Summary
Magnocellular neurones in the supraoptic nucleus of the homozygous Brattleboro rat, which are unable to produce vasopressin, were investigated by immunocytochemistry to identify both the oxytocin cells and the abnormal neurones, which in normal animals would produce vasopressin. The abnormal cell profiles were significantly more rounded than those of the oxytocin cells. Both cell types showed evidence of hyperactivity, but the Golgi apparatus was more extensive in the oxytocin cells, probably as a result of the failure of the abnormal cells to produce vasopressin and its neurophysin and the resultant reduction in hormone packaging. Neurosecretory granules (NSG) 160 nm in diameter were found in the oxytocin perikarya but were absent from the abnormal cell bodies. In addition, a population of small dense granules (SDG) 100 nm in diameter was observed in both types of neurone, in numbers equal to the NSG in oxytocin cells.

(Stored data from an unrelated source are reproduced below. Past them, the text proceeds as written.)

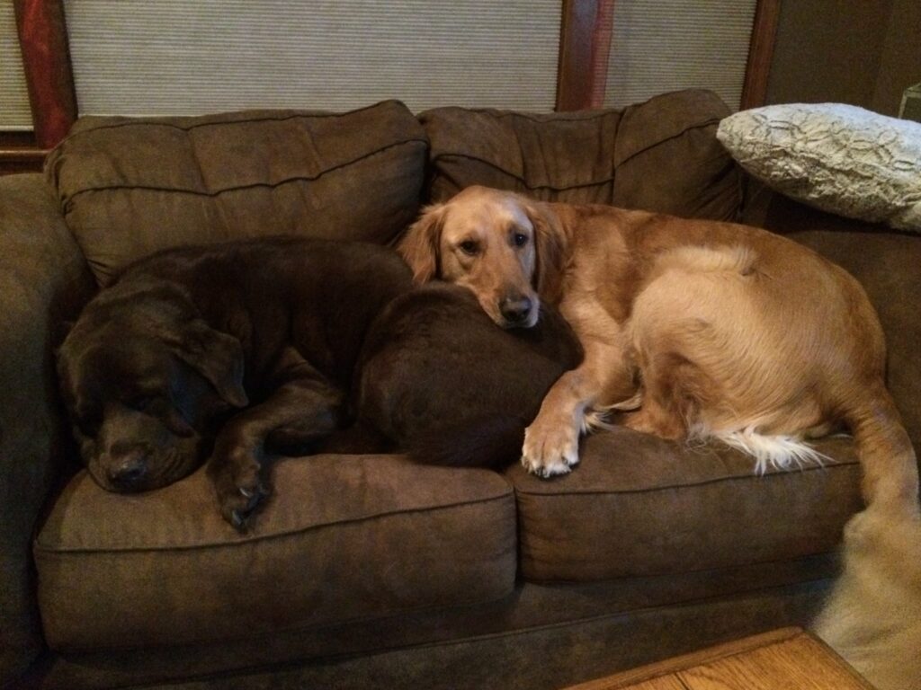 Fast forward to January 2015, and we are happy to hear that Beau is all grown up and continues to love his perfect fur-ever home (he was a 96 lb, 10 month old when he came to GoldHeart and his foster family called him Baby Huey – no wonder!). This second picture is with his new brother, Buddy, who keeps him in line. Can you tell his entire family adores him and he has settled in beautifully? We just have to wonder where their family sits?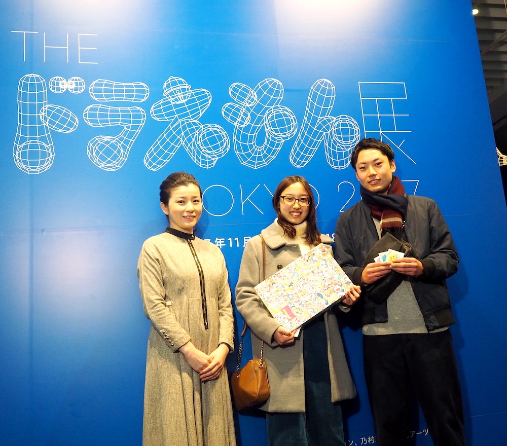 10万人突破記念セレモニーが開催され、「THE ドラえもん展 TOKYO 2017」出展アーティストの書家・中塚翠涛さんより、公式図録とアーティストの本展出展作品をあしらったオリジナルグッズなどの記念品が贈られました。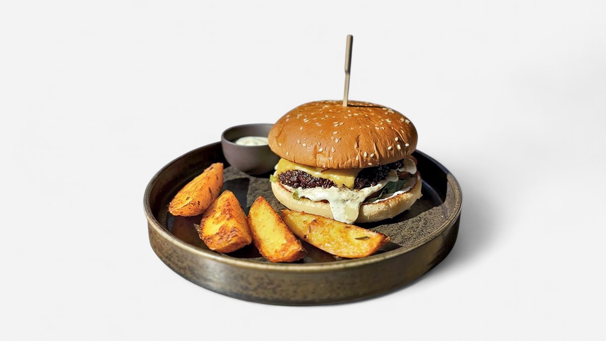 (425 г) Обжаренная булочка с кунжутом, говяжья котлета, 2 фирменных соуса, листья салата, томаты, маринованный огурец, красный лук. Подается с запеченным картофелем и соусом блю чиз

Injection of a low, non-lethal dose of the axonal transport inhibitor colchicine resulted in a rapid and equal accumulation of both NSG and SDG in oxytocin perikarya and of SDG in the abnormal perikarya after one day. The effects of colchicine were reversed 2–3 days after administration. The SDG, which may contain a co-transmitter or co-hormone substance, are thus produced at a similar rate to NSG, and appear to be transported from the perikarya for subsequent release at the nerve endings.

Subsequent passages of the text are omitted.